The wings and stabilizers of fixed-wing aircraft, as well as helicopter rotor blades, are built with airfoil-shaped cross sections. Airfoils are also found in propellers, fans, compressors and turbines. Sails are also airfoils, and the underwater surfaces of sailboats, such as the centerboard, rudder, and keel, are similar in cross-section and operate on the same principles as airfoils. Swimming and flying creatures and even many plants and sessile organisms employ airfoils/hydrofoils: common examples being bird wings, the bodies of fish, and the shape of sand dollars. An airfoil-shaped wing can create downforce on an automobile or other motor vehicle, improving traction.

When the wind is obstructed by an object such as a flat plate, a building, or the deck of a bridge, the object will experience drag and also an aerodynamic force perpendicular to the wind. This does not mean the object qualifies as an airfoil. Airfoils are highly-efficient lifting shapes, able to generate more lift than similarly sized flat plates of the same area, and able to generate lift with significantly less drag. Airfoils are used in the design of aircraft, propellers, rotor blades, wind turbines and other applications of aeronautical engineering.

A lift and drag curve obtained in wind tunnel testing is shown on the right. The curve represents an airfoil with a positive camber so some lift is produced  at zero angle of attack. With increased angle of attack, lift increases in a roughly linear relation, called the slope of the lift curve. At about 18 degrees this airfoil stalls, and lift falls off quickly beyond that. The drop in lift can be explained by the action of the upper-surface boundary layer, which separates and greatly thickens over the upper surface at and past the stall angle. The thickened boundary layer's displacement thickness changes the airfoil's effective shape, in particular it reduces its effective camber, which modifies the overall flow field so as to reduce the circulation and the lift. The thicker boundary layer also causes a large increase in pressure drag, so that the overall drag increases sharply near and past the stall point.

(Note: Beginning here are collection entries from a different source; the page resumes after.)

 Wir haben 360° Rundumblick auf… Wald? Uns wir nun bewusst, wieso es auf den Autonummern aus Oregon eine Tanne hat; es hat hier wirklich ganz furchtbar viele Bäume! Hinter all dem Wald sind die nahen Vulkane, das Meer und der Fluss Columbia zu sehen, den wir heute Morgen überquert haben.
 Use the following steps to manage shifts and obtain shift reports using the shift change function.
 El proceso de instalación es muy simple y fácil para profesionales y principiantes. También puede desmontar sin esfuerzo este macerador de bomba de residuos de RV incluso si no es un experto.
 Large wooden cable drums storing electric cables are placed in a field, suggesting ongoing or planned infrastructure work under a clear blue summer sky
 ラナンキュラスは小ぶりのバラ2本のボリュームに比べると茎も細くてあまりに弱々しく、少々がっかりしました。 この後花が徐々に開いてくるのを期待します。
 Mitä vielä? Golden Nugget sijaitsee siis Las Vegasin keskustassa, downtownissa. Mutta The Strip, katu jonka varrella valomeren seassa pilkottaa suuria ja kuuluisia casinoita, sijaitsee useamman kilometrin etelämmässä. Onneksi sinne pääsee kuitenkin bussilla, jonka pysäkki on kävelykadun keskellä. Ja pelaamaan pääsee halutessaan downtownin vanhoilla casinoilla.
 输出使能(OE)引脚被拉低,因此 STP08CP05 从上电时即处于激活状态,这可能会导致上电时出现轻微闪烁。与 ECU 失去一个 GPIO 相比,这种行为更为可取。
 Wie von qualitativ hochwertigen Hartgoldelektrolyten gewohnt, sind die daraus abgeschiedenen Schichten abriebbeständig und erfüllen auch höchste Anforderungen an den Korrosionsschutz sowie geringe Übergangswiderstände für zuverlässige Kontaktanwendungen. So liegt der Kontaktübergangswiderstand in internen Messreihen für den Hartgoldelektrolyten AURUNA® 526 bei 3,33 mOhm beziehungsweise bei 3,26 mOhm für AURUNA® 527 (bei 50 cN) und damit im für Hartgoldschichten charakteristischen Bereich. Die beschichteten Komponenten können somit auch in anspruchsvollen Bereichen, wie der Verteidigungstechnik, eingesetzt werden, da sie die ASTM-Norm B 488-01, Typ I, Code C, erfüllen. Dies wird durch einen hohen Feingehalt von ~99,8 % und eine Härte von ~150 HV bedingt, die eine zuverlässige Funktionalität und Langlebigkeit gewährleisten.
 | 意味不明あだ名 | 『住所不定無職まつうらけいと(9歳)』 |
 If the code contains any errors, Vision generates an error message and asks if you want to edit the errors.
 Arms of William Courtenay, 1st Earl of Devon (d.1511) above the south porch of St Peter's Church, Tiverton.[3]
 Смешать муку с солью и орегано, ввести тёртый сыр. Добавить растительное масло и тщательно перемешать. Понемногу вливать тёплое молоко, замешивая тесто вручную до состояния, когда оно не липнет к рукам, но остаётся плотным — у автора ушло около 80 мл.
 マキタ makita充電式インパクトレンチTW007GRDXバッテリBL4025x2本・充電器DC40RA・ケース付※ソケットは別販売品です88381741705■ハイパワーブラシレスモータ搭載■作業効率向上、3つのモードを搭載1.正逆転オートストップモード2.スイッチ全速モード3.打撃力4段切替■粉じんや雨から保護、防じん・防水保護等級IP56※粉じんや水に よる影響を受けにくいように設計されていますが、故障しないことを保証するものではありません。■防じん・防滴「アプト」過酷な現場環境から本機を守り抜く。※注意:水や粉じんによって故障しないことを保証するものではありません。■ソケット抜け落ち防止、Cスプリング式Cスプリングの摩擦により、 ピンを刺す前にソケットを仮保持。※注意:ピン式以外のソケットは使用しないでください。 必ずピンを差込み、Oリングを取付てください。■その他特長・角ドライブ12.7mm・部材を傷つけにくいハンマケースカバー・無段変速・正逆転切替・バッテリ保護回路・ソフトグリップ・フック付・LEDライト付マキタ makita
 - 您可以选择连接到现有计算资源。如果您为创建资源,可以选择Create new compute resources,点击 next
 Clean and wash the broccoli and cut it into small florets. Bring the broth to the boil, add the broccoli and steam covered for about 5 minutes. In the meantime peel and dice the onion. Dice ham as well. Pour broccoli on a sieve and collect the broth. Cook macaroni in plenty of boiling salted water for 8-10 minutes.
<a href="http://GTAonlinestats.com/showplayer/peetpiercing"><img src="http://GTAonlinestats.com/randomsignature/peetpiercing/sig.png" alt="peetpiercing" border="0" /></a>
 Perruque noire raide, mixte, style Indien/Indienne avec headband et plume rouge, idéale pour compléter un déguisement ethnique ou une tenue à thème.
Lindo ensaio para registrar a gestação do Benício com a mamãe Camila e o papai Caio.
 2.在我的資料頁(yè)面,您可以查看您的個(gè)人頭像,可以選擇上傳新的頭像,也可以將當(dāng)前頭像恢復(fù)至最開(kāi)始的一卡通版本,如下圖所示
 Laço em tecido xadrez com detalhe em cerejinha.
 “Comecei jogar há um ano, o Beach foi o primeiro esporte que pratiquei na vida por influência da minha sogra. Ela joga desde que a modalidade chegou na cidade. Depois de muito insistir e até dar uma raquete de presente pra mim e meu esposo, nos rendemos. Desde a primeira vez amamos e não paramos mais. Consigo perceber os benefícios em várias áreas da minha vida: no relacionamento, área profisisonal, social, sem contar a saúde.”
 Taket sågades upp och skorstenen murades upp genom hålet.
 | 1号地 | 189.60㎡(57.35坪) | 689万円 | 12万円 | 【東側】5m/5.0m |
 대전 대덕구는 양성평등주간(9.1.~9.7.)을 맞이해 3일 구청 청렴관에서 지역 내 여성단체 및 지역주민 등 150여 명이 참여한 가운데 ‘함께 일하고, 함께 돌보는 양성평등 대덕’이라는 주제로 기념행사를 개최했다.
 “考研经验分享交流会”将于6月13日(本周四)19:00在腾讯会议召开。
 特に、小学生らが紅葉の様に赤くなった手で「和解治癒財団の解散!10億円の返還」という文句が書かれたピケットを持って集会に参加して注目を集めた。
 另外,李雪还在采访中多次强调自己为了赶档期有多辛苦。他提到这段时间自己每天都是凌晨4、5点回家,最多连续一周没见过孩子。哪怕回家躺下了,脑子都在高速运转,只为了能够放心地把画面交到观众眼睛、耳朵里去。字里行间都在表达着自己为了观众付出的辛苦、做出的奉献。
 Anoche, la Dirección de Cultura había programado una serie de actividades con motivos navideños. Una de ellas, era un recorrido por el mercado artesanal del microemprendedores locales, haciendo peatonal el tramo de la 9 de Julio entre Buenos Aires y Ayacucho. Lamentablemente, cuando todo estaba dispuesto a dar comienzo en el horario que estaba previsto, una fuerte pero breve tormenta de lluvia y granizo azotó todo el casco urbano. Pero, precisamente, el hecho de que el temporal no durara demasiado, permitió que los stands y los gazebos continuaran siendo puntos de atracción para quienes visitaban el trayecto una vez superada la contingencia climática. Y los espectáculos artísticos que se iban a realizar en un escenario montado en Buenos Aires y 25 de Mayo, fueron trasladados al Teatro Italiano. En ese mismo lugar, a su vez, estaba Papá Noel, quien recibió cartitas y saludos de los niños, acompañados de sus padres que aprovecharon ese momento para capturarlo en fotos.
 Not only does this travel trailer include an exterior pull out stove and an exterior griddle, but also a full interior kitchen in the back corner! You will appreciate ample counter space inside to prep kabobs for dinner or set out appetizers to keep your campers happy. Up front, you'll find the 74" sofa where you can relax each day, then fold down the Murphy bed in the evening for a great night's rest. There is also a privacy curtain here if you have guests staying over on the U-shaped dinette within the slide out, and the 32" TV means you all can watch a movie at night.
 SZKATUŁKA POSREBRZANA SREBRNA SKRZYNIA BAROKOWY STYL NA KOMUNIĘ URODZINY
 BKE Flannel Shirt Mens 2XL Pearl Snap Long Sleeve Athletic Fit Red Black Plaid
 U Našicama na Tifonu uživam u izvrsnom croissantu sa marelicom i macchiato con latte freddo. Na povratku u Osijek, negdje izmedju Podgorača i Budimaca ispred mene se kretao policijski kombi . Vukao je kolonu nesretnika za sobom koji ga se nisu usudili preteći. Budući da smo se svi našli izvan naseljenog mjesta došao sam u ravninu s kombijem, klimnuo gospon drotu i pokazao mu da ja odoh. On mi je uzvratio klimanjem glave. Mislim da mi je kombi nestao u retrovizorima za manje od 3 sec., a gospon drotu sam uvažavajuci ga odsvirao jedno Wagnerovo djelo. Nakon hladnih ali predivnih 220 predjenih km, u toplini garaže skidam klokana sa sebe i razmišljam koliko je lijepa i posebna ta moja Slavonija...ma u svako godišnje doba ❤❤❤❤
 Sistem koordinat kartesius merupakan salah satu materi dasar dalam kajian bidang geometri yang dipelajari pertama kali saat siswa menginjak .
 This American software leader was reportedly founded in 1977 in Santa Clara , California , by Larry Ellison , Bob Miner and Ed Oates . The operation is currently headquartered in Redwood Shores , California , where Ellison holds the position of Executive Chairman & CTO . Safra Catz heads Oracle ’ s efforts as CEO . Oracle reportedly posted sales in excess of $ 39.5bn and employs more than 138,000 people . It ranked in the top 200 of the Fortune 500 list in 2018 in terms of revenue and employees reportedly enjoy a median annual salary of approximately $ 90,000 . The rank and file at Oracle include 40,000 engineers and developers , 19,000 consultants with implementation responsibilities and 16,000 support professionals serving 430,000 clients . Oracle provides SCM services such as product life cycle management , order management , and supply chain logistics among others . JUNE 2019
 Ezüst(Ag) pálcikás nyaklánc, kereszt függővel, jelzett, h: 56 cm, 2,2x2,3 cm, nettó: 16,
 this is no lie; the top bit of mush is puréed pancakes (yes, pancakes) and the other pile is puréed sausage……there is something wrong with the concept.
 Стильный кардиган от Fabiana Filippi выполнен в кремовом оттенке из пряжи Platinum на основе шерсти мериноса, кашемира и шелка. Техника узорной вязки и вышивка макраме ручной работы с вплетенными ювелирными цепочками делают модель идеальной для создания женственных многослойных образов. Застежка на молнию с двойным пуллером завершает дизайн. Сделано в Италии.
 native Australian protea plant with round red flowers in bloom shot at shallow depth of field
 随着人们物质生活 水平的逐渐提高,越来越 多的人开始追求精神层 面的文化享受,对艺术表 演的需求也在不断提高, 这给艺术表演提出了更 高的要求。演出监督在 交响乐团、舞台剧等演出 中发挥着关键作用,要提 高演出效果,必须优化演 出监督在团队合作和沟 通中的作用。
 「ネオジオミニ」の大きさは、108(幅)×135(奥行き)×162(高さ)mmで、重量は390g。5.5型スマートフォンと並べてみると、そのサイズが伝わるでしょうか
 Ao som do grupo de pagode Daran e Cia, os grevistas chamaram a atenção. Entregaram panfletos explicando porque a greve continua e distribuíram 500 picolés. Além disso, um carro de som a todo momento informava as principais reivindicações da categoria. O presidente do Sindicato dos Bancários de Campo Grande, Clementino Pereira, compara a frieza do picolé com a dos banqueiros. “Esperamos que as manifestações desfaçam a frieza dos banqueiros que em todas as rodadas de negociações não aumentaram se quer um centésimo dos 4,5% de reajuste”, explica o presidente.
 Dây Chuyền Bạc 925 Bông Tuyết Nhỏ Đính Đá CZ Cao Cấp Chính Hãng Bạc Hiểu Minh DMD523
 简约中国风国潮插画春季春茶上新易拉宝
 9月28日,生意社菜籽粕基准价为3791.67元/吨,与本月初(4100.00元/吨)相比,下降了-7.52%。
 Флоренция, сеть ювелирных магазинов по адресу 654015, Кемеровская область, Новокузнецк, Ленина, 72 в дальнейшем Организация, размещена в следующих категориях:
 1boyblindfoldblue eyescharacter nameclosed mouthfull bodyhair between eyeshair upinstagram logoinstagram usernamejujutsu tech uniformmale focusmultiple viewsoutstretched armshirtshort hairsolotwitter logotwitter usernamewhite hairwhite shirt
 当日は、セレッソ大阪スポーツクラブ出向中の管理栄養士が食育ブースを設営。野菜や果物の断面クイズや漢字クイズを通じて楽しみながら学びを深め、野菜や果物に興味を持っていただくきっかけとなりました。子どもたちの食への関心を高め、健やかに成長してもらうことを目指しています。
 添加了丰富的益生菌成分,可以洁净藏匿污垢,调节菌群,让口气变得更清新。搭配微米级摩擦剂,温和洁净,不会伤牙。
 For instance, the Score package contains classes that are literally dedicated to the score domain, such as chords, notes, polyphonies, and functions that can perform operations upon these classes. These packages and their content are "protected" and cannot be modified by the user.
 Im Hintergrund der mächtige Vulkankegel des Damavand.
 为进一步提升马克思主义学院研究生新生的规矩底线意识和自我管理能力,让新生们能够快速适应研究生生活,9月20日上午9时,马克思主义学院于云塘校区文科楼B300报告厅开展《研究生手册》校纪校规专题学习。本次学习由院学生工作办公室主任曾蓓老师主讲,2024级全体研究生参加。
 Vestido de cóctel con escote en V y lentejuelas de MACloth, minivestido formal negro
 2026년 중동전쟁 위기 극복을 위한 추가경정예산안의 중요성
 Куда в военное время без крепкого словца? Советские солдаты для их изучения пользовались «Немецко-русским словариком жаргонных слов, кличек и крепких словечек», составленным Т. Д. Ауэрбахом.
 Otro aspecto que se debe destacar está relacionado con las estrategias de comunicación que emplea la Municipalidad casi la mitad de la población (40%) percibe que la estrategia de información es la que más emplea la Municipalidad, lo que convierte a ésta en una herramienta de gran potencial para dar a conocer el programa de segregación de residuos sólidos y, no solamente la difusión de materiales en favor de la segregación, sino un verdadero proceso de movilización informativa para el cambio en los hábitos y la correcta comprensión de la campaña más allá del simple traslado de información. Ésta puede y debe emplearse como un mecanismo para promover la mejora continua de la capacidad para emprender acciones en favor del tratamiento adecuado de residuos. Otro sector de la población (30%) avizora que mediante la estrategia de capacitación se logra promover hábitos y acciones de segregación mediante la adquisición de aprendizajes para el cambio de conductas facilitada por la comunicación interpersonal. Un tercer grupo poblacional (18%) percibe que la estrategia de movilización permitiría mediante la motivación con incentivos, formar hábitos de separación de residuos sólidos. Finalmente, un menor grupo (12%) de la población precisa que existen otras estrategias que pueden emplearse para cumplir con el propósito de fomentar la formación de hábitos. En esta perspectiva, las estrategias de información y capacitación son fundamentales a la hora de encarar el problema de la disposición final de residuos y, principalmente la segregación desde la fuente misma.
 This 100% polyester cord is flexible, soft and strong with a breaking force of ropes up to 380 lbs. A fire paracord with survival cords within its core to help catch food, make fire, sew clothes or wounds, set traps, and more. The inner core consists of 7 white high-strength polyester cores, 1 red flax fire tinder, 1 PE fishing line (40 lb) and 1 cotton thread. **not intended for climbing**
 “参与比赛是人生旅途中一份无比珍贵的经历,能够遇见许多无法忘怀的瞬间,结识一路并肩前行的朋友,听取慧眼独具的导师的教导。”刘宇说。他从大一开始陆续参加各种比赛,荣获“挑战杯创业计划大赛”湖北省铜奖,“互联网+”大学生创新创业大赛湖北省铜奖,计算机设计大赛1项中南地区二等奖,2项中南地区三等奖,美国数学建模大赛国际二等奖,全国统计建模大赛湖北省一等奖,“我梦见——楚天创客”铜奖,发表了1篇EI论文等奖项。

Airfoil design is a major facet of aerodynamics. Various airfoils serve different flight regimes. Asymmetric airfoils can generate lift at zero angle of attack, while a symmetric airfoil may better suit frequent inverted flight as in an aerobatic airplane. In the region of the ailerons and near a wingtip a symmetric airfoil can be used to increase the range of angles of attack to avoid spin–stall. Thus a large range of angles can be used without boundary layer separation. Subsonic airfoils have a round leading edge, which is naturally insensitive to the angle of attack. The cross section is not strictly circular, however: the radius of curvature is increased before the wing achieves maximum thickness to minimize the chance of boundary layer separation. This elongates the wing and moves the point of maximum thickness back from the leading edge.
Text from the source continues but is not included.